Health care reform was enacted through 2 laws:
Public Law 111-148 The Patient Protection and Affordable Care Act (HR 3950) and Public Law 111-152 The Health Care and Education Affordability Reconciliation Act of 2010 (HR 4872)
Many of the provisions of the legislation affect and reference “group health plans” in their application. AGU’s research concludes that limited medical products offered on an indemnity basis are exempt by definition from any requirements placed on “group health plans.”
HR 3590 defines “group health plan” under Section 1301(b)(3) by indicating the term has the same meaning as provided in section 2791(a) of the Public Health Service Act.
SEC. 1301. QUALIFIED HEALTH PLAN DEFINED.
- Terms Relating to Health Plans- In this title:
(1) HEALTH PLAN-
(A) IN GENERAL- The term `health plan' means health insurance coverage and a group health plan.
(B) EXCEPTION FOR SELF-INSURED PLANS AND MEWAS- Except to the extent specifically provided by this title, the term `health plan' shall not include a group health plan or multiple employer welfare arrangement to the extent the plan or arrangement is not subject to State insurance regulation under section 514 of the Employee Retirement Income Security Act of 1974.
(2) HEALTH INSURANCE COVERAGE AND ISSUER- The terms `health insurance coverage' and `health insurance issuer' have the meanings given such terms by section 2791(b) of the Public Health Service Act.
(3) GROUP HEALTH PLAN- The term `group health plan' has the meaning given such term by section 2791(a) of the Public Health Service Act.
The relevant section of the Public Health Service Act is Title 42 of the US Code under Chapter 6A, Subchapter XXV, Part C 300gg-91 entitled “Definitions”. This section includes a listing of “excepted benefits” to which the term “group health plan” will not be applicable. This is similar to the definition under ERISA used to exempt indemnity plans from HIPAA and Mental Health Parity requirements.
300gg–91. Definitions
- Benefits not subject to requirements
- Coverage only for accident, or disability income insurance, or any combination thereof.
- Coverage issued as a supplement to liability insurance.
- Liability insurance, including general liability insurance and automobile liability insurance.
- Workers’ compensation or similar insurance.
- Automobile medical payment insurance.
- Credit-only insurance.
- Coverage for on-site medical clinics.
- Other similar insurance coverage, specified in regulations, under which benefits for medical care are secondary or incidental to other insurance benefits.

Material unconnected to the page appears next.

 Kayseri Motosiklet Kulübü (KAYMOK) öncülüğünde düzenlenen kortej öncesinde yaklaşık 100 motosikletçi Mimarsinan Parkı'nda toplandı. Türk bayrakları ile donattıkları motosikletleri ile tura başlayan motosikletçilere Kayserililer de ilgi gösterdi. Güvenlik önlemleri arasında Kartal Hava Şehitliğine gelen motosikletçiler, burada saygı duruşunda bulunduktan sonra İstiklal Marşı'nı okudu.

- Benefits not subject to requirements if offered separately
- Limited scope dental or vision benefits.
- Benefits for long-term care, nursing home care, home health care, community-based care, or any combination thereof.
- Such other similar, limited benefits as are specified in regulations.

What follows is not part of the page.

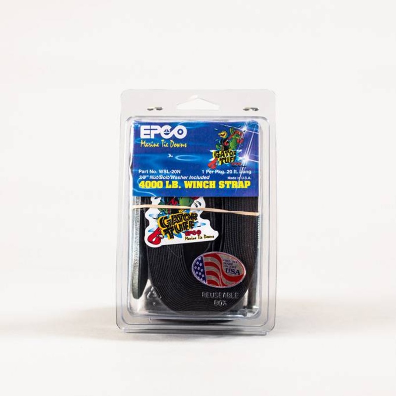 EPCO Winch Strap 20', Super-strong Nylon webbing with a 4,000 pound capacity and includes a heavy duty zinc plated hook. Comes with a sewn loop on one end or cut off so that it can be threaded.
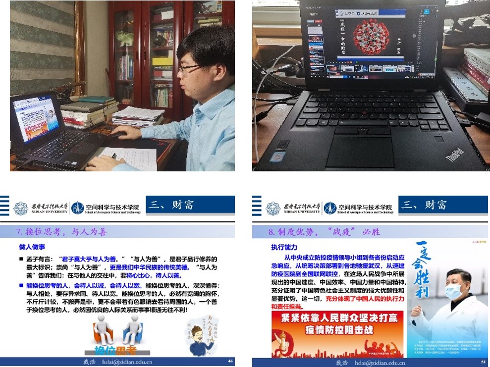 为引导员工们做西电优良校风学风的传承者,戴浩老师在随堂测验时都会让员工在诚信考试承诺书上签字,使员工认识到:“业精于勤,荒于嬉;试重于诚,毁于弊。”通过专门为员工讲解《大学》中“所谓诚其意者,毋自欺也。如恶恶臭,如好好色,此之谓自谦。故君子必慎其独也”的相关内容,戴老师身体力行地帮助员工认识到慎独在个人道德水平的修养,个人品行的操守以及个人风范中的意义。“我提倡‘诚信考场’,也就是不需要监考老师的考场。这不仅能够培养员工的诚信意识,也体现了人与人之间的互信意识,对于员工的品德和人格塑造是十分有益的。”

- Benefits not subject to requirements if offered as independent, noncoordinated benefits
- Coverage only for a specified disease or illness.
- Hospital indemnity or other fixed indemnity insurance.
- Benefits not subject to requirements if offered as separate insurance policy Medicare supplemental health insurance (as defined under section 1395ss (g)(1) of this title), coverage supplemental to the coverage provided under chapter 55 of title 10, and similar supplemental coverage provided to coverage under a group health plan.
Limited medical plans that use the “expense-incurred” or “mini-med” model would not appear to qualify under the exemption.